_Problem description:_
From the listing below, extract every line containing "Waandishi".

_Input records:_

★ ★ ★ ★

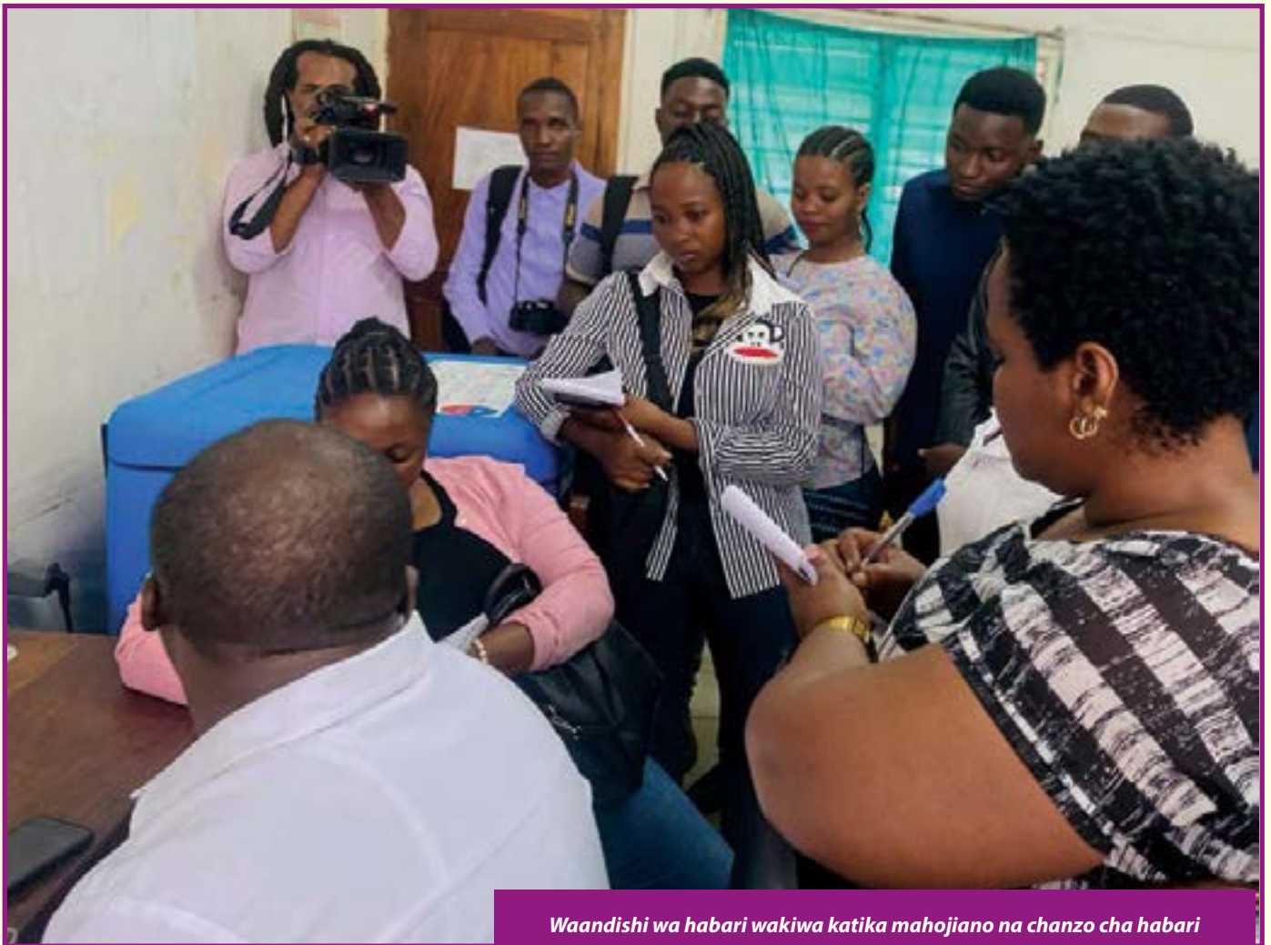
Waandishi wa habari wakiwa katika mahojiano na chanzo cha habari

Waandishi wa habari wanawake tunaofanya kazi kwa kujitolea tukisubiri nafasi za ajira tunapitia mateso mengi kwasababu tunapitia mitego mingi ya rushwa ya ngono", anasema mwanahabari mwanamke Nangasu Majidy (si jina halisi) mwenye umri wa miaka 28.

★ ★ ★ ★

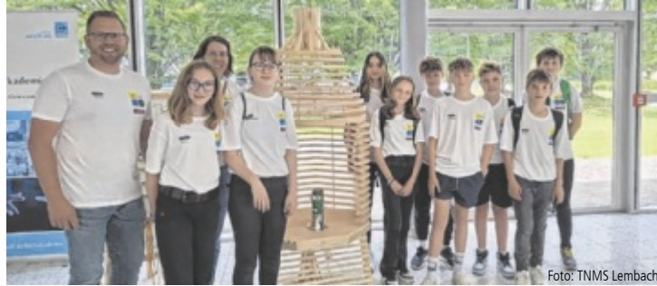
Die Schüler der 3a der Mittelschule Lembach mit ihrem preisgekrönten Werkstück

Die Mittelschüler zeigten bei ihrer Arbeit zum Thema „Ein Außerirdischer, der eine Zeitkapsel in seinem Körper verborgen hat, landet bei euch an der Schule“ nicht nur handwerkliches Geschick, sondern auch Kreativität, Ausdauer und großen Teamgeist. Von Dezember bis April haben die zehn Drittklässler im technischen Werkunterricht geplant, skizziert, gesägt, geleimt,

★ ★ ★ ★

_Output of the exercise:_
Waandishi wa habari wakiwa katika mahojiano na chanzo cha habari
Waandishi wa habari wanawake tunaofanya kazi kwa kujitolea tukisubiri nafasi za ajira tunapitia mateso mengi kwasababu tunapitia mitego mingi ya rushwa ya ngono", anasema mwanahabari mwanamke Nangasu Majidy (si jina halisi) mwenye umri wa miaka 28.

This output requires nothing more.